Whenever the relationship between the actors is unclear which economically corresponds to the hybrid constellation of coopetition, load-potential relationships are also ambiguous, like in the case of so-called good competitors.

4.3 Patterns of simplexity management

4.3.1 Patterns of blending and assignment

Simplexity management operates on two categories of patterns: (1) blending patterns which answer the question: “How can simplicity and complexity be mixed?” and (2) assignment patterns that clarify which component, domain, or dimension serves as an arena for simplification and which for complexification.

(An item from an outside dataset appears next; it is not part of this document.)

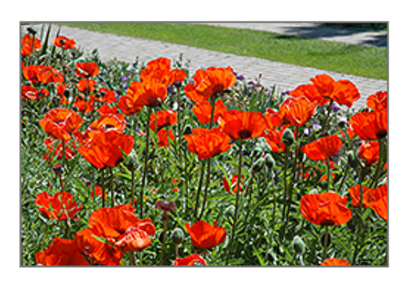
Brilliant Poppy flowers

For blending simplicity and complexity, a scope of several patterns of blending is available. Awareness for this scope comes, for example, from blending exploitation and exploration according to the pattern of contextual ambidexterity or the pattern of structural ambidexterity. Again, this spectrum of amalgam, multilevel, sequential, sectoral, subsidiary, and situated patterns of blending options [66] illustrates how meta-complexity is underestimated in existing simplexity approaches that normally assume a “one and only” blending pattern.

Within amalgam mixes the blending is performed in a “total” fashion, yielding new genuinely hybrid frameworks that incorporate both genes of their parent paradigms. For instance, two-part tariff pricing operates with prices simultaneously composed of a fixed (simple) and a variable (complex) component. The multilevel blending pattern combines, for instance, a simple (stable) macro-level with complex (dynamic) microlevels. In a similar fashion, the blended Water-Scrum-Fall model [67] relies on a disciplined (simplified) handling of project specification and release, which serves as a framework for (complex) agile scrum processes in the design phase of the project.

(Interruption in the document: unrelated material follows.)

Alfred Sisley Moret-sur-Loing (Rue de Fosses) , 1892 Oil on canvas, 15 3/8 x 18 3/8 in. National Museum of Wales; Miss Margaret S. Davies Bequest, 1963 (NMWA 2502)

In the case of sectoral and sequential blending, complexity managers pick different paradigms to apply them in distinct sectors, i.e., dimensions, components, and domains (areas, episodes, etc.) of the entire problem solving process: Along these lines, mass customizing is based upon standard modules (simplicity) in conjunction with creating a customized configuration of these modules (complexity) [14]. In the same vein, the unfreeze-move-refreeze pattern of attitude change relies on a sequential blending of complexification episodes (unfreeze, move) and simplification episodes (refreeze). So-called hybrid systems are capable of mixing continuous incremental changes (“flowing”) and discrete dynamic behavior (“jumping”). By means of the outlined blending patterns, simple and complex strategies can be contingently assigned to different segments of the context, e.g., the intra-company context versus external targets.

Subsidiary blending, another blending pattern familiar from management by exception, combines a default (standard) approach (e.g., simplification) and a fallback approach (e.g., complexification). Thus, time pacing may serve as a default, event pacing as an exception. Finally, blended menus offer simplification and complexification as alternative options for ad hoc choices. As for problem solving tactics, the situated choice is between simple straight procedures (e.g., immediate performing) and complex detour procedures (e.g., rest before performing, problem decomposition). Likewise, path constitution comprises a “complex” path breaking option or a “simple” path dependence option [34].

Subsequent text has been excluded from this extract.